Surya | Awesome Repository

Surya is a document processing platform designed to transform unstructured files into structured, machine-readable data. It provides a comprehensive suite of tools for text recognition, layout analysis, and reading order detection, enabling the conversion of PDFs and images into formats such as JSON, HTML, or markdown. The platform is built to handle complex document workflows, offering capabilities for data extraction, document segmentation, and automated form completion.

The platform distinguishes itself through a robust pipeline-based architecture that allows users to chain analysis tasks into versioned, reusable sequences. It supports high-volume operations through batch processing and provides granular control over data extraction via schema management and confidence scoring. For enterprise requirements, it offers containerized deployment options that allow for on-premises execution, ensuring data privacy and security while maintaining consistent performance across environments.

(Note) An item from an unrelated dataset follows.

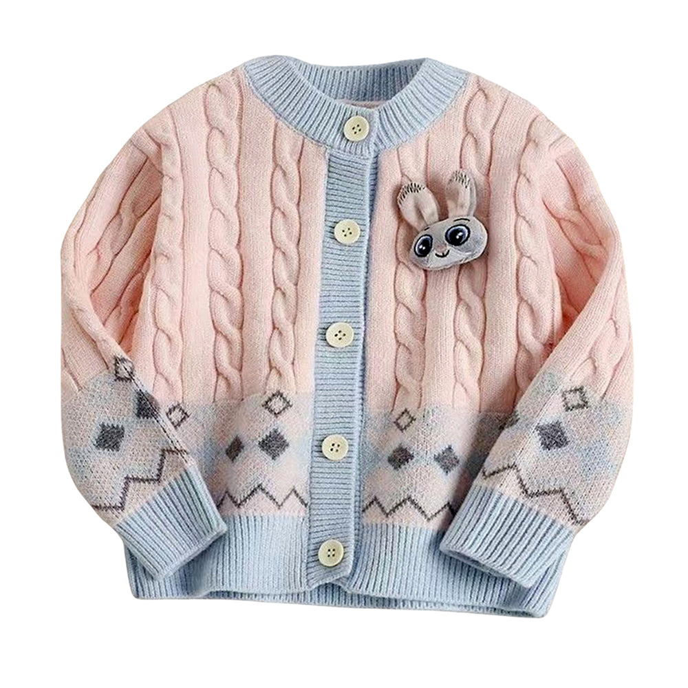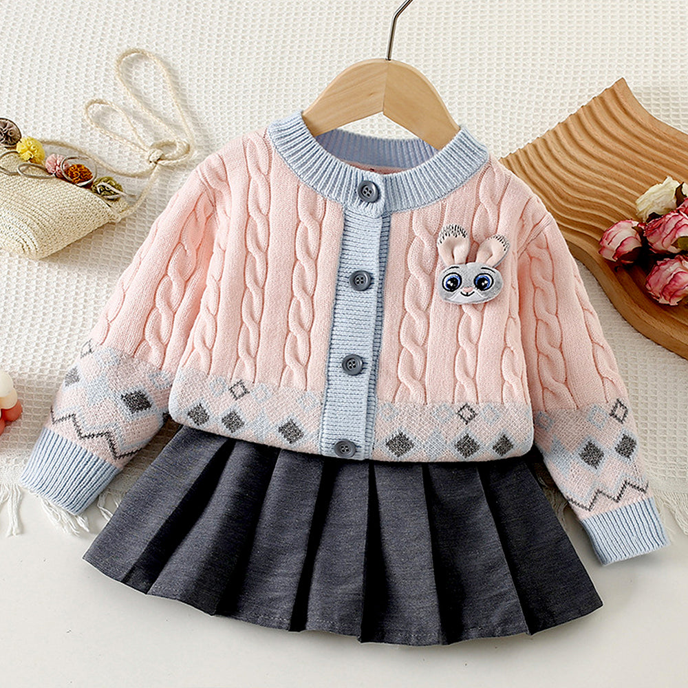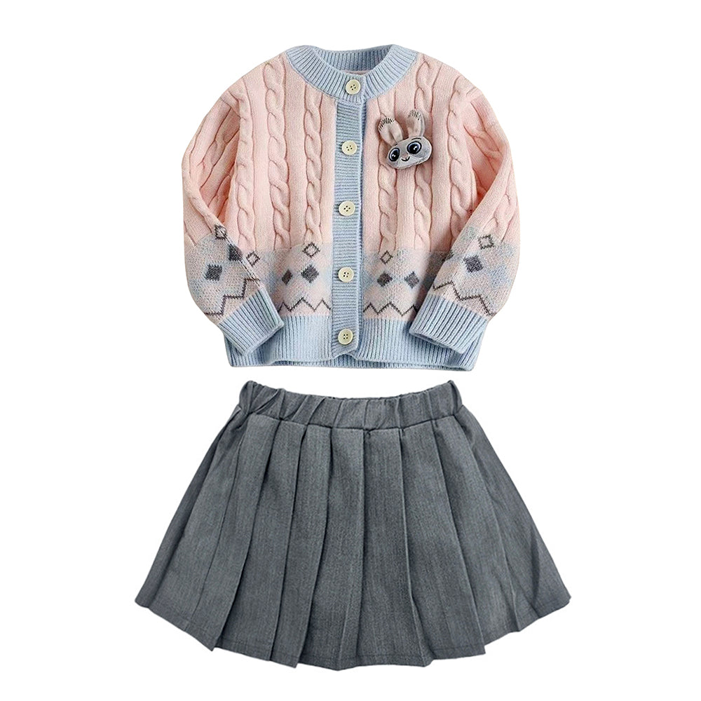 Pink-Blue Cardigan and Grey Pleated Skirt Winterwear 2Pcs set for Girls

Beyond core analysis, the system includes integrated management for document lifecycles, storage, and event-driven notifications via webhooks. It provides a strongly-typed software development kit to facilitate programmatic interaction, alongside monitoring tools that track system health and usage metrics. Security is maintained through API access controls, request throttling, and payload validation for event notifications.

Features

Document Analysis - Performs text recognition, layout analysis, and reading order detection using typed clients and asynchronous requests.
Document Conversion - Transforms PDFs, images, and other files into structured formats like markdown, HTML, or JSON for automated data systems.
Document and Unstructured Extraction - Transforms unstructured documents like PDFs and images into structured machine-readable formats for business pipelines.
Structured Data Extraction - Parses unstructured document content into predefined fields using centralized schemas for consistent machine-readable output.

Features

Document Analysis - Performs text recognition, layout analysis, and reading order detection using typed clients and asynchronous requests.
Document Conversion - Transforms PDFs, images, and other files into structured formats like markdown, HTML, or JSON for automated data systems.
Document and Unstructured Extraction - Transforms unstructured documents like PDFs and images into structured machine-readable formats for business pipelines.
Structured Data Extraction - Parses unstructured document content into predefined fields using centralized schemas for consistent machine-readable output.